→ PROBLEM TO SOLVE:
When the line with "Входная дверь Атлантик" turns up below, begin repeating exactly, and carry on through the line with "Object Detection for"; no pictures go into the copy.

→ PROVIDED MATERIAL:
──────────────────────────────
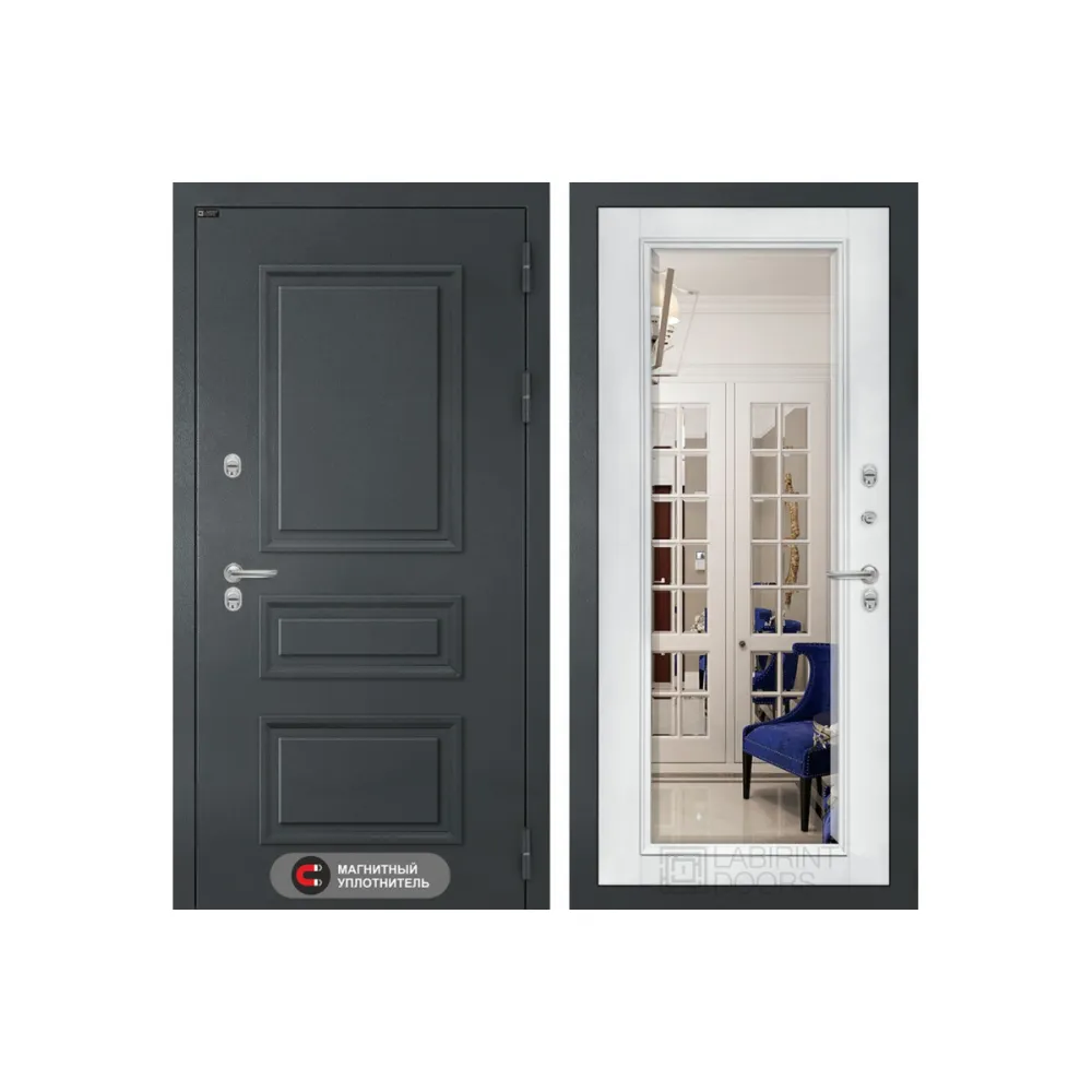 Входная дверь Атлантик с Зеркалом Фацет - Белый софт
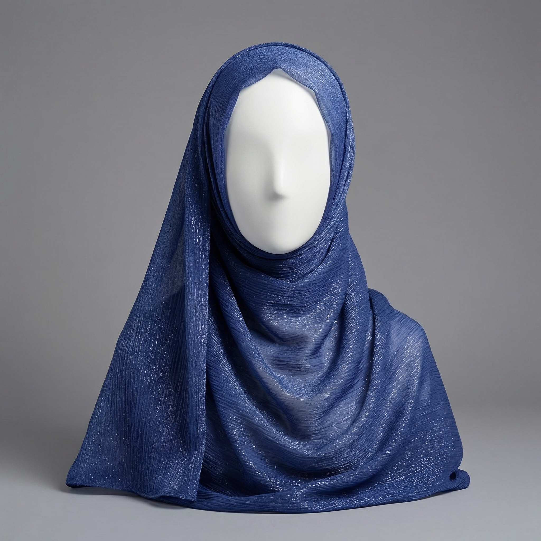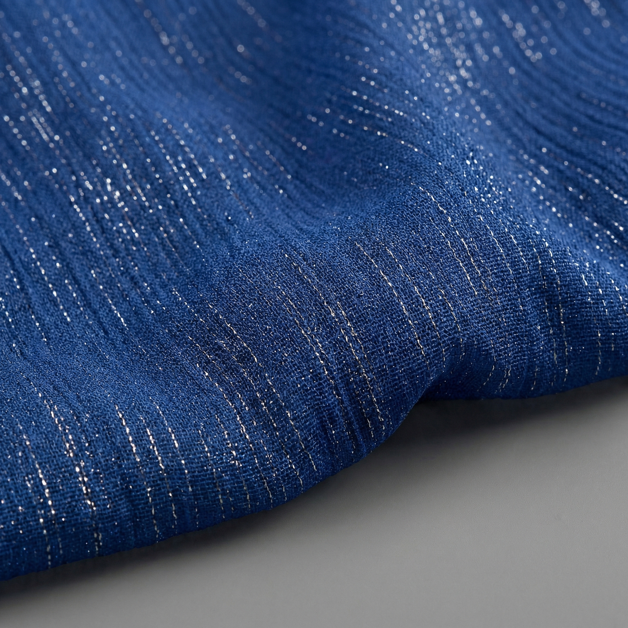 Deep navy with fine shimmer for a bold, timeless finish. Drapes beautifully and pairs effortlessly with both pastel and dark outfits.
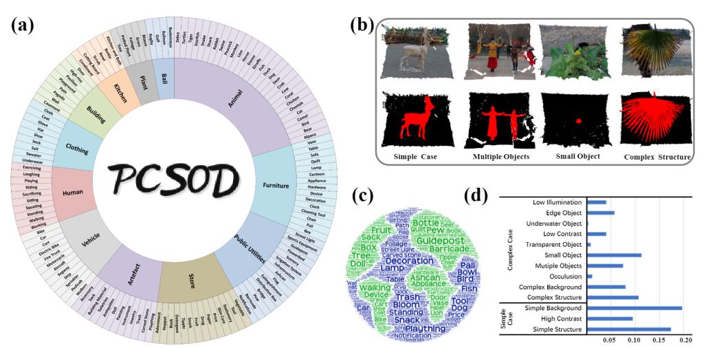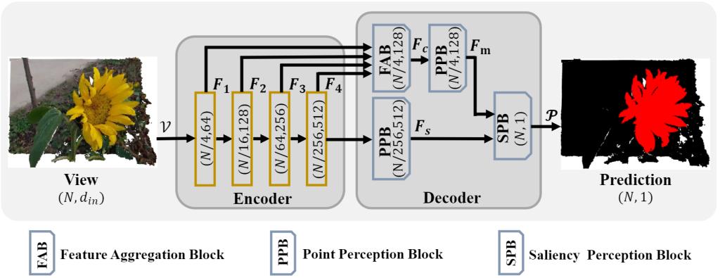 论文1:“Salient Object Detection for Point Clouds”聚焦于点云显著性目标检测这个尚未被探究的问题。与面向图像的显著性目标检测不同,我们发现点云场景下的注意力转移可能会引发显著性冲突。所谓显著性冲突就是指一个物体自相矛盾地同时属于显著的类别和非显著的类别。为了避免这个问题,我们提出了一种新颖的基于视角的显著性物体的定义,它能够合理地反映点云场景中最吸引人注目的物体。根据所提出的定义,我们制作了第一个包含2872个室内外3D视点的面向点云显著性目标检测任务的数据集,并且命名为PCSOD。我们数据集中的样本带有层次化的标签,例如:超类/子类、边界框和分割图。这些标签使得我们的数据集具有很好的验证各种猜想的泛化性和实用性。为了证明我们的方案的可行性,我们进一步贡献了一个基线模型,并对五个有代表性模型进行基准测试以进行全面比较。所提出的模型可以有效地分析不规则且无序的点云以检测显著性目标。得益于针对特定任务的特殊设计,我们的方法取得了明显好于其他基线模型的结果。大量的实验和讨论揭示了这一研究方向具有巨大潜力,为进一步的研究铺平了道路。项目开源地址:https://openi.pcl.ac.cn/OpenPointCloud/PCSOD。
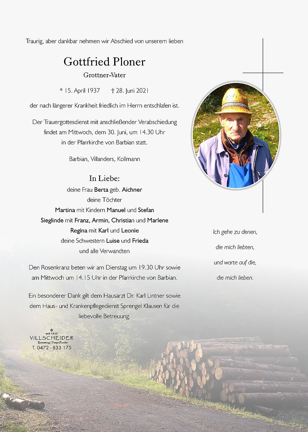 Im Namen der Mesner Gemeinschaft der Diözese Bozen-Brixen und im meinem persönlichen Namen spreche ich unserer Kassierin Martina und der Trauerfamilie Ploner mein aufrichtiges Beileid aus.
──────────────────────────────
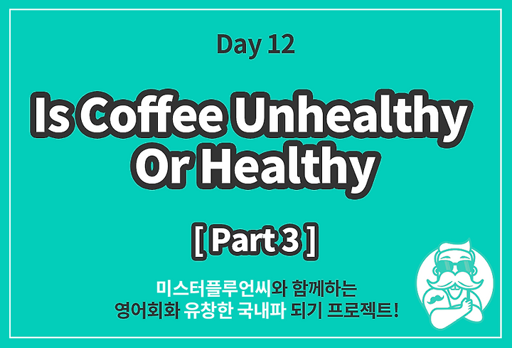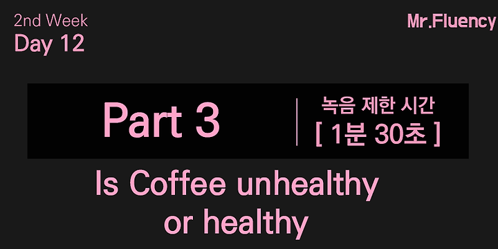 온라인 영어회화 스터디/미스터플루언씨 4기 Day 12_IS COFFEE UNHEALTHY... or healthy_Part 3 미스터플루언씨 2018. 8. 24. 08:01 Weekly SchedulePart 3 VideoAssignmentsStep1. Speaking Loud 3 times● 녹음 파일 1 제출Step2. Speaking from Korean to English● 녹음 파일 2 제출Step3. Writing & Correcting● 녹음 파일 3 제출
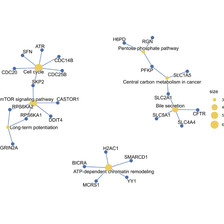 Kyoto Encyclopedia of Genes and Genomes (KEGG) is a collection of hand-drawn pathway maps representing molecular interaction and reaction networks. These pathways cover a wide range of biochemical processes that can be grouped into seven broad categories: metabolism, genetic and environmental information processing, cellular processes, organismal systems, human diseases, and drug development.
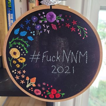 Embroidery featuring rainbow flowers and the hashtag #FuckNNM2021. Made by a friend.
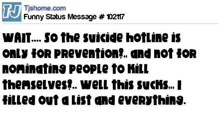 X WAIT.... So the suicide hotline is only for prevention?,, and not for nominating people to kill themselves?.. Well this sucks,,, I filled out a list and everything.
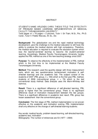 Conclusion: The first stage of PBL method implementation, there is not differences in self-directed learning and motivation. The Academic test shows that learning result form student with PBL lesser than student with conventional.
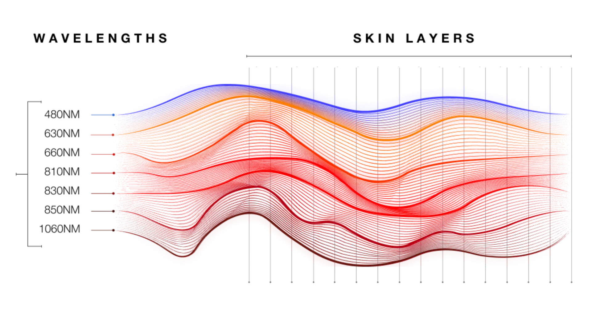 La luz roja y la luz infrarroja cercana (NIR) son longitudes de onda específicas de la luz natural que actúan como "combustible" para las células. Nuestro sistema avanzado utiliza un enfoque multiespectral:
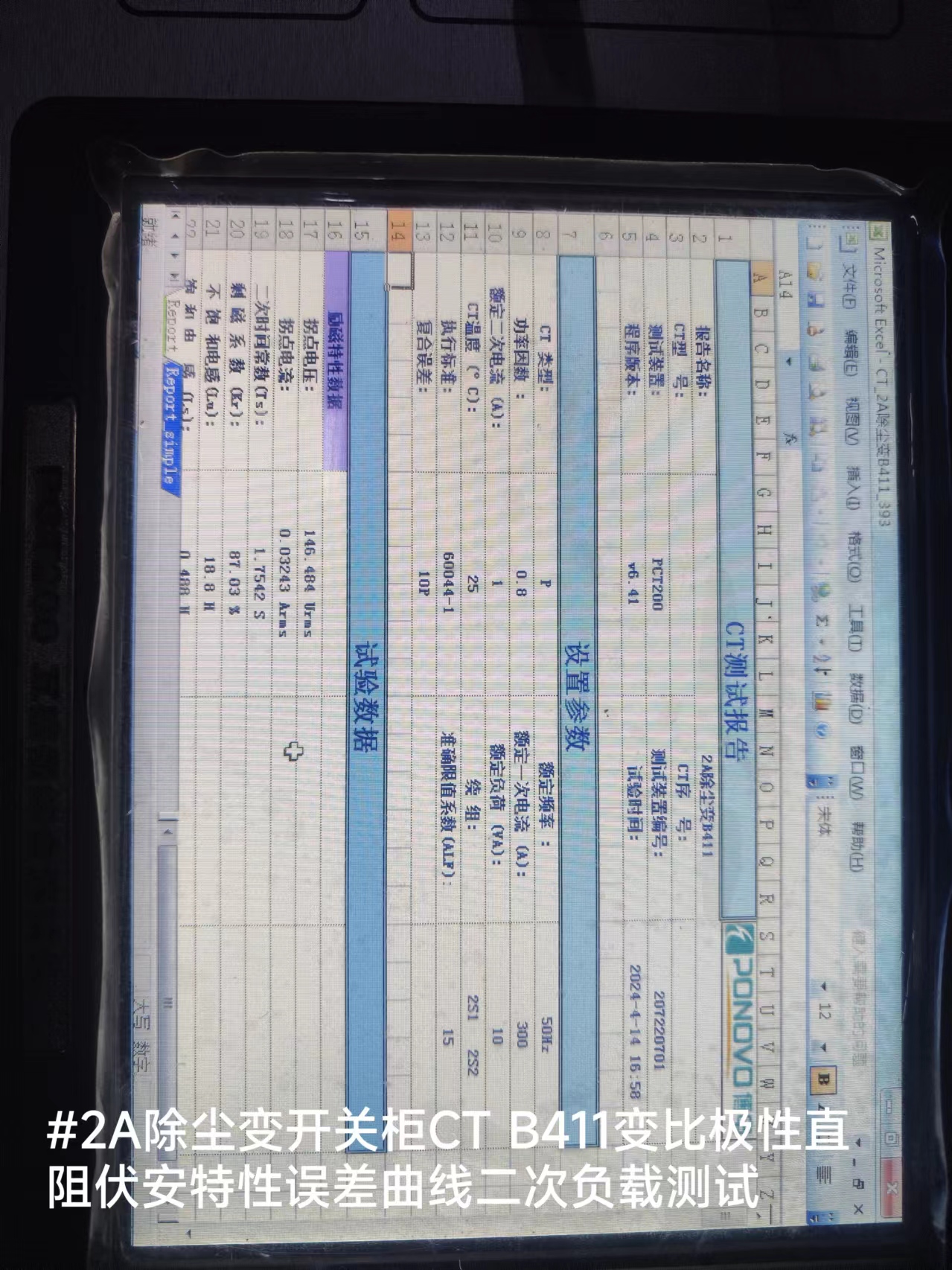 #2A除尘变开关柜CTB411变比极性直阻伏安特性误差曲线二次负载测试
──────────────────────────────
→ PROBLEM SOLUTION:
 Входная дверь Атлантик с Зеркалом Фацет - Белый софт
 Deep navy with fine shimmer for a bold, timeless finish. Drapes beautifully and pairs effortlessly with both pastel and dark outfits.
 论文1:“Salient Object Detection for Point Clouds”聚焦于点云显著性目标检测这个尚未被探究的问题。与面向图像的显著性目标检测不同,我们发现点云场景下的注意力转移可能会引发显著性冲突。所谓显著性冲突就是指一个物体自相矛盾地同时属于显著的类别和非显著的类别。为了避免这个问题,我们提出了一种新颖的基于视角的显著性物体的定义,它能够合理地反映点云场景中最吸引人注目的物体。根据所提出的定义,我们制作了第一个包含2872个室内外3D视点的面向点云显著性目标检测任务的数据集,并且命名为PCSOD。我们数据集中的样本带有层次化的标签,例如:超类/子类、边界框和分割图。这些标签使得我们的数据集具有很好的验证各种猜想的泛化性和实用性。为了证明我们的方案的可行性,我们进一步贡献了一个基线模型,并对五个有代表性模型进行基准测试以进行全面比较。所提出的模型可以有效地分析不规则且无序的点云以检测显著性目标。得益于针对特定任务的特殊设计,我们的方法取得了明显好于其他基线模型的结果。大量的实验和讨论揭示了这一研究方向具有巨大潜力,为进一步的研究铺平了道路。项目开源地址:https://openi.pcl.ac.cn/OpenPointCloud/PCSOD。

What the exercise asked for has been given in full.